Existen episodios absurdos del destino de los manuscritos originales en manos de naturales herederos o testamentarios literarios. El archivo de Onetti -compuesto de manuscritos y primeras versiones mecanografiadas, cartas y fotografías- pudo haber acabado como acervo de bibliotecas extranjeras al precio de una genuina mercancía. Pero siendo Dolly su celadora, un sello de fidelidad, ese no iba a ser el caso. La melancolía vuelve a casa: a fines de mayo llegó el archivo a Montevideo para donarlo a la Biblioteca Nacional. El viaje fue la ocasión de una entrevista en busca de su memoria y su sensibilidad.

-Quisiera que hablara de su violín...

-¡¿De mi violín?! (Desconcertadísima).

-Bueno, formulado así parece un camino incorrecto. Lo que busco es que evoque aquellas escenas, que son parte de la creación literaria, de las que se dice que mientras usted estaba en una habitación perdidamente "violineando" Onetti escribía en la otra.

-Oh, sí. Nosotros le decíamos "la contigua" a esa habitación donde yo estudiaba. A Juan le gustaba que tuviera otra vocación distinta a la de él. Suponía que de ese modo los matrimonios funcionaban mejor. Una teoría, ¿no?
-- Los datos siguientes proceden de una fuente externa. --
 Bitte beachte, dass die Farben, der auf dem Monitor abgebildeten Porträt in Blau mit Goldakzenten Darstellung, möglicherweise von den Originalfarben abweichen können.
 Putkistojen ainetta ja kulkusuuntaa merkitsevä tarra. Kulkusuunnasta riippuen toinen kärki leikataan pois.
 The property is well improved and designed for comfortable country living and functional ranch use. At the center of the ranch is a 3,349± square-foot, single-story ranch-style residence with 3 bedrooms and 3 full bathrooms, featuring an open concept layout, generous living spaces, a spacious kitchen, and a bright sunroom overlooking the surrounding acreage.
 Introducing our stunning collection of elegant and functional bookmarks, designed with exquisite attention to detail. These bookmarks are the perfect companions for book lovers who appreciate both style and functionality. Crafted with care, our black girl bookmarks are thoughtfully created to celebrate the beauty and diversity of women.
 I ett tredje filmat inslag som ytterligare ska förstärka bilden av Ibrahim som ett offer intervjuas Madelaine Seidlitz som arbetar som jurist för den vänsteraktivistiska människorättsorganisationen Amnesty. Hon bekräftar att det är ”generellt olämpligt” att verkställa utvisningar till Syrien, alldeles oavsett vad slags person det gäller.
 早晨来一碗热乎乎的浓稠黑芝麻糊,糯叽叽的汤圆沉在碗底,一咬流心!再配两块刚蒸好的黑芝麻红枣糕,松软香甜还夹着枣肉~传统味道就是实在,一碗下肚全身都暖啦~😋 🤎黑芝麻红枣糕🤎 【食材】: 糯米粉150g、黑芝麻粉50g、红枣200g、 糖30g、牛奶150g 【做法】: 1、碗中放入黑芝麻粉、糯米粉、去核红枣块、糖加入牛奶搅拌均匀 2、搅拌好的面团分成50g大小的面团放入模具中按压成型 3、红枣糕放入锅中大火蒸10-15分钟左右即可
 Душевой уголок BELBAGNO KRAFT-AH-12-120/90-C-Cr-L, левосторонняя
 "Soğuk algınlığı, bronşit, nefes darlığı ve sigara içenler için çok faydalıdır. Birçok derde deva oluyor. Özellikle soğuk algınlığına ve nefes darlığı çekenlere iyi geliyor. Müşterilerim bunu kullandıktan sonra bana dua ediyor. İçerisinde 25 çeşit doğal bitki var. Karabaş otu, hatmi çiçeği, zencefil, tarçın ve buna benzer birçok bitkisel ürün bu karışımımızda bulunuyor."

Él me hacía varias bromas a propósito de mi esfuerzo violinístico. Decía: "¿para qué tanto estudiar? Yo te compro un disco que tenga aplausos y bravos, y vos saludás al público y ya está, ¿para qué querés estudiar tanto?" (risas alegrísimas). Ese tipo de ironía nos hacía reír mucho. Juan siempre me apoyó, siempre. Cuando tenía concursos de orquesta me prendía una vela: decía que solamente un milagro podría salvarme.

-Onetti no asistía a ningún concierto. Se reservaba el violín para la intimidad.
-Sólo fue al Teatro Colón de Buenos Aires a escuchar “Tristán e Isolda”. No quería entrar, fue extraño, me preguntaba algo decepcionado si aquella mujer gorda sobre el escenario era la joven Isolda. Luego la música lo atrajo; lo captó de tal forma que salió impresionadísimo.
-¿Qué puede agregar sobre la música en la vida compartida con Onetti? Se dice que una vez él le quitó la libreta de apuntes a una entrevistadora y le dijo que si quería comprender su obra que escuchase tango.

-(Risas) Para Juan el tango era Gardel, clavado. Lo oía en audiciones de radio. También le gustaba el jazz: Charlie Parker, foto pinchada en la pared.

-Quizá recuerde a Onetti leyendo "El perseguidor" en una versión inédita y mecanografiada en París por Julio Cortázar sólo para Juan Carlos Onetti…

-¡¿Mecanografiada en París?! ¡No! ¡Juan lo leyó en libro! Tenía Las armas secretas. Ahora dudo… ¿De dónde sacaste esa idea tan rara?

-No lo sé. Parecía posible… Como sea, algo sucedió con aquella lectura.

-Sí. Esta vez fue Cortázar quien quedó impresionadísimo por la reacción de Juan, ya sabés, es muy conocida… Era su dolor porque estaba separado de su hija y el cuento trata de la niña Bee y lo quebrado que se siente su padre por ella… la niña muere… Juan se vio alterado por la historia. Luego de leerla rompió el espejo del botiquín y después escribió algo sobre el cartón. Siempre tuvo la cicatriz en los nudillos. Años después, en París, se lo contó personalmente a Cortázar. Le respondió que eso lo halagaba muchísimo: era la reacción más fuerte que había tenido un lector frente a un cuento suyo.

-Vayamos entonces a manuscritos y máquinas de escribir no imaginarias. ¿Cómo se sentía pasando a máquina la letra de Onetti?

-Era un trabajo maravilloso. Yo estaba feliz de que él estuviera escribiendo. Cuando me daba material para pasar era fantástico. Mecanografié todo “El astillero” mientras trabajaba en Electrolux (¡con permiso del jefe!). Yo conocía bien su letra. Juan escribía a cualquier hora, tomaba vino y a veces barbitúricos porque no dormía, entonces sucedía en muchos casos que la letra iba para arriba y para abajo… Pero generalmente es hermosa, sobre todo cuando escribía de día.